• Work request: Give the listing again exactly, omitting its images.

---------- Records provided ----------

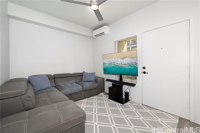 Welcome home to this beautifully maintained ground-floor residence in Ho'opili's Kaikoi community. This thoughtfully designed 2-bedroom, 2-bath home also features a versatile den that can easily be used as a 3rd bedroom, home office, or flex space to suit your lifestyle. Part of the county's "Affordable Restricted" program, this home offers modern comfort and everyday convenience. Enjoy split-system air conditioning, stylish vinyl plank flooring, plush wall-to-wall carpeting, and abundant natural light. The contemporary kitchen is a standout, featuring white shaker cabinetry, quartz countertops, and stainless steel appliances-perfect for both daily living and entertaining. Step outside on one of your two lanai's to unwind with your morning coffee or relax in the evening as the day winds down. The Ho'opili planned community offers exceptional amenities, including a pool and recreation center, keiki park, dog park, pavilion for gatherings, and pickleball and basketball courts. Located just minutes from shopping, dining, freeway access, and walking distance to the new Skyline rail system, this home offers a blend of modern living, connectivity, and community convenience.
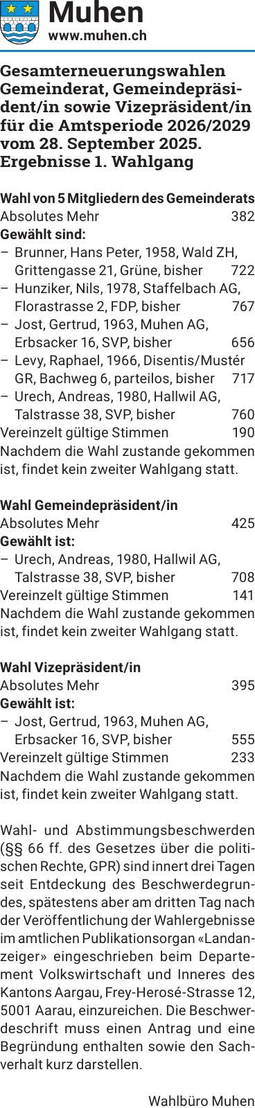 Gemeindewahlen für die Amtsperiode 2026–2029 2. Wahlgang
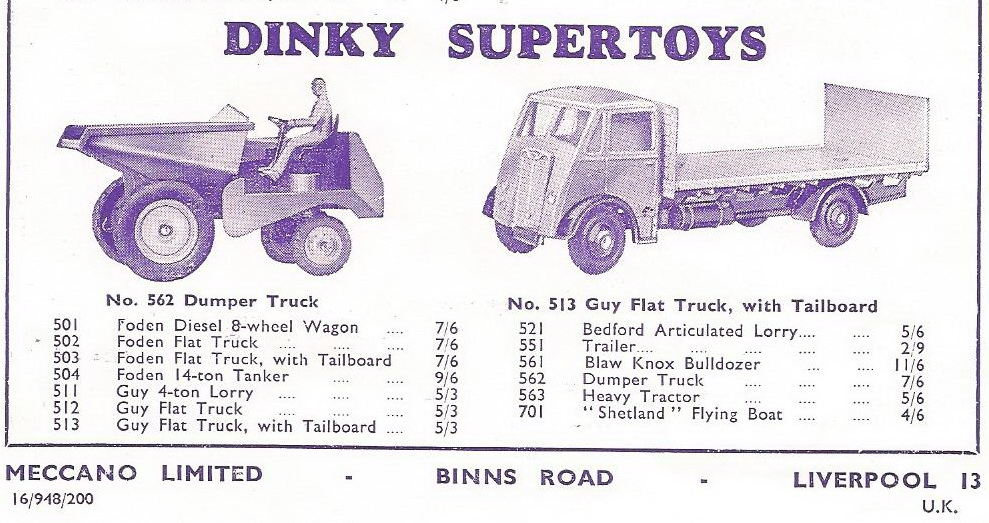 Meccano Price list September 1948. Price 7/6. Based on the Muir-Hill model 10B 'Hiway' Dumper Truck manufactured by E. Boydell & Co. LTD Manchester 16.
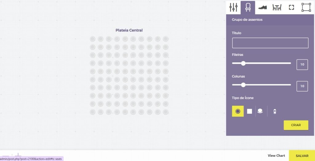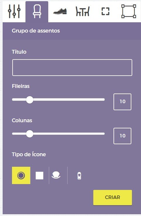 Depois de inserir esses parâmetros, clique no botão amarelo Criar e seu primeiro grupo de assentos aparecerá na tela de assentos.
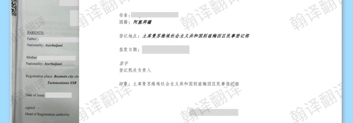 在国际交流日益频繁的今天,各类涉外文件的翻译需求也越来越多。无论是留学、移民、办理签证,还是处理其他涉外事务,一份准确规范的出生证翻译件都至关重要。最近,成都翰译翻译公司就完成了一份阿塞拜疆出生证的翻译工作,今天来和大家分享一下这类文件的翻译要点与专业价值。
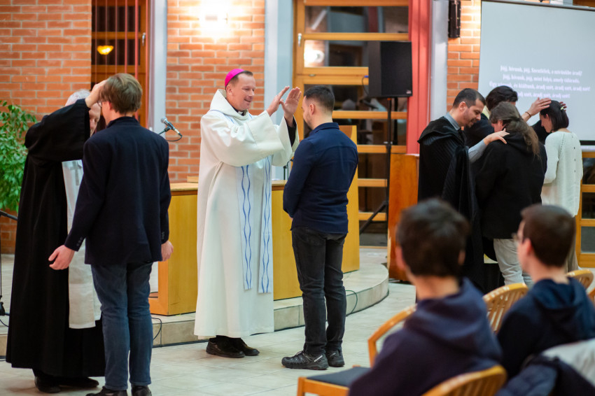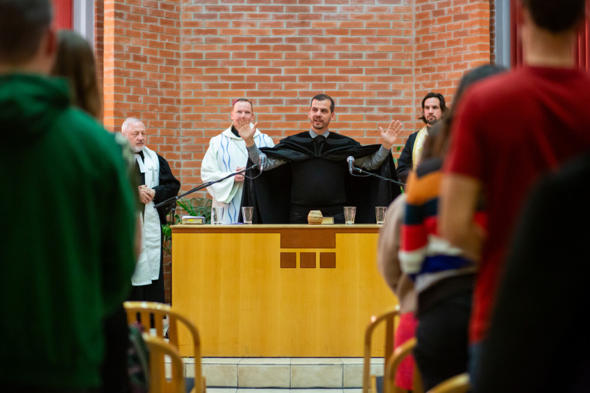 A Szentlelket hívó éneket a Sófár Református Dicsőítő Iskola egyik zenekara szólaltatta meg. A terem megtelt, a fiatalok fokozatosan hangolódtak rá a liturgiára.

----------

• Result for this exercise:
 Welcome home to this beautifully maintained ground-floor residence in Ho'opili's Kaikoi community. This thoughtfully designed 2-bedroom, 2-bath home also features a versatile den that can easily be used as a 3rd bedroom, home office, or flex space to suit your lifestyle. Part of the county's "Affordable Restricted" program, this home offers modern comfort and everyday convenience. Enjoy split-system air conditioning, stylish vinyl plank flooring, plush wall-to-wall carpeting, and abundant natural light. The contemporary kitchen is a standout, featuring white shaker cabinetry, quartz countertops, and stainless steel appliances-perfect for both daily living and entertaining. Step outside on one of your two lanai's to unwind with your morning coffee or relax in the evening as the day winds down. The Ho'opili planned community offers exceptional amenities, including a pool and recreation center, keiki park, dog park, pavilion for gatherings, and pickleball and basketball courts. Located just minutes from shopping, dining, freeway access, and walking distance to the new Skyline rail system, this home offers a blend of modern living, connectivity, and community convenience.
 Gemeindewahlen für die Amtsperiode 2026–2029 2. Wahlgang
 Meccano Price list September 1948. Price 7/6. Based on the Muir-Hill model 10B 'Hiway' Dumper Truck manufactured by E. Boydell & Co. LTD Manchester 16.
 Depois de inserir esses parâmetros, clique no botão amarelo Criar e seu primeiro grupo de assentos aparecerá na tela de assentos.
 在国际交流日益频繁的今天,各类涉外文件的翻译需求也越来越多。无论是留学、移民、办理签证,还是处理其他涉外事务,一份准确规范的出生证翻译件都至关重要。最近,成都翰译翻译公司就完成了一份阿塞拜疆出生证的翻译工作,今天来和大家分享一下这类文件的翻译要点与专业价值。
 A Szentlelket hívó éneket a Sófár Református Dicsőítő Iskola egyik zenekara szólaltatta meg. A terem megtelt, a fiatalok fokozatosan hangolódtak rá a liturgiára.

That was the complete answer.